One Thing – Remember, Repent & Return

This is an excerpt from a talk my dear friend (Diane Drees) and I shared on our church’s ONE THING retreat this fall.  You can listen to the complete audio from the talk here:

When we finished our study of Hosea this spring, I was led to study next the book of Jeremiah.  They are very similar books, really.  Both Hosea and Jeremiah were warning the people (Hosea to the nation of Israel and Jeremiah to the nation of Judah) to return to the one true God from chasing after idols.

Look with me at Jeremiah chapter 2:1-2 and verses 11-13

The word of the LORD came to me, saying, “Go and proclaim in the hearing of Jerusalem, Thus says the LORD, “I remember the devotion of your youth, your love as a bride, how you followed me in the wilderness, in a land not sown. …

Has a nation changed its gods, even though they are no gods? But my people have changed their glory for that which does not profit. Be appalled, O heavens, at this; be shocked, be utterly desolate, declares the LORD, for my people have committed two evils: they have forsaken me, the fountain of living waters, and hewed out cisterns for themselves, broken cisterns that can hold no water.

God’s people had forgotten the devotion of their youth and their love as a bride.
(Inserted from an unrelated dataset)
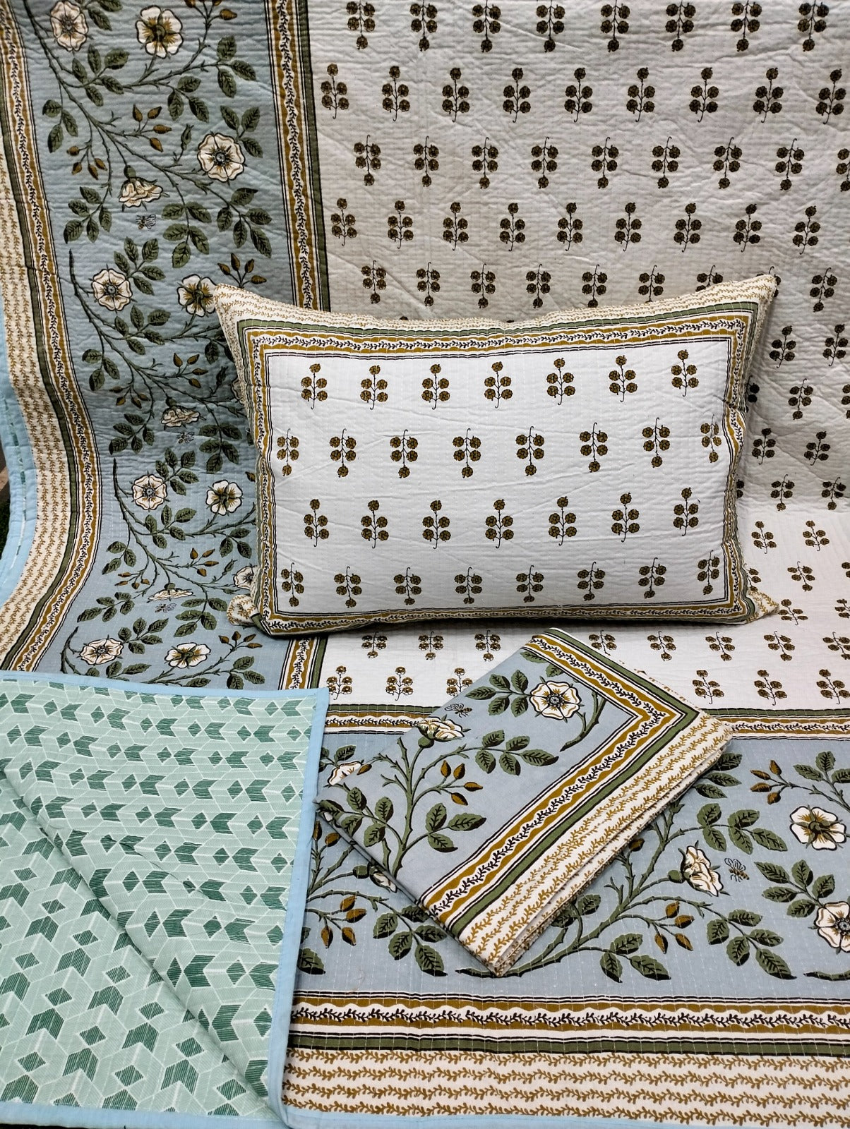 Add a burst of these vibrant colors and floral prints to your home decor with our pure cotton daily use quilted double bedcovers with two quilted pillow covers.

They had committed two evils: (1) they had forsaken God – they had left Him, abandoned Him, deserted Him, turned their back on Him and they had (2) dug their own broken cisterns.

Basically, a cistern is a way to hold water of any kind to accumulate and store water for future use.  It could be used to catch rainwater or water from a well or stream.  Ancient cisterns could be huge and used for a whole community, or small for a household.  God’s people were getting their water from cisterns of their own creation, and turning their back on God, rather than going to Him, the living well, the eternal spring.

Which reminds me of the word picture of a tabletop waterfall fountain that I described on the spring retreat.  We are only able to love others as we are filled up to overflowing with God’s love.  We love others because He first loved us.

And what was God’s encouragement to his people in Jeremiah 3:22a “Return, O faithless sons; I will heal your faithlessness.”

God had been warning His people in the Old Testament, over 500 years before Christ’s time on earth, but what about after Christ’s coming, did His people still turn their backs on Him?

In the book of Revelation, the final book of the Bible, the apostle John was inspired by God to write letters to seven different churches.  The first letter he wrote was to the church in Ephesus which is found in Revelation, chapter 2.  Here John writes a nice “grace sandwich” to this church, beginning with verses 2 and 3, “I know your works, your toil and your patient endurance, and how you cannot bear with those who are evil, but have tested those who call themselves apostles and are not, and found them to be false.  I know you are enduring patiently and bearing up for my name’s sake and you have not grown weary.”  I believe that those words might be spoken of our church today.

But John follows that encouragement with some hard-to-hear words in verses 4-5, “But I have this against you, that you have abandoned the love you had at first.  (Sounds like Jeremiah 2:2, doesn’t it?)  Remember therefore from where you have fallen; repent, and do the works you did at first.  If not, I will come to you and remove your lampstand from its place, unless you repent.”  And I’m afraid that these words might be spoken of us as well.

What did God have against this church?  They had abandoned the love that they had at first.

And now what do they need to do:

  • Remember – They needed to remember where they used to be. They needed to remember their FIRST love, Jesus, and the love that they once had for Him.
  • Repent – They needed to turn away from their sin, turn away from the things that have held them captive, turn away from the idols and distractions of life and turn toward God. They needed to do an about face.
  • Return – They needed to return to their first love and to those works that they did at first.

Let me add one little aside here, the prefix RE- means AGAIN, it indicates repetition, going back to something.  RE-member, RE-pent, RE-turn all these words indicate going back to something you once had and doing it again – thinking of it again, turning away from where you were and going back the other way, turning again to where you once were.  You can only RE-turn to something if you had it at first.  You cannot RETURN to a place you’ve never been; you can’t RETURN a book you never checked out in the first place.  If God has never been your first love, you cannot RETURN to Him.

God invites you even now to come to Him as your first love, the well of living water, your Savior, Deliverer and the Lord of your life.

Remember your first love.  Repent of your wayward heart.  Return to your God.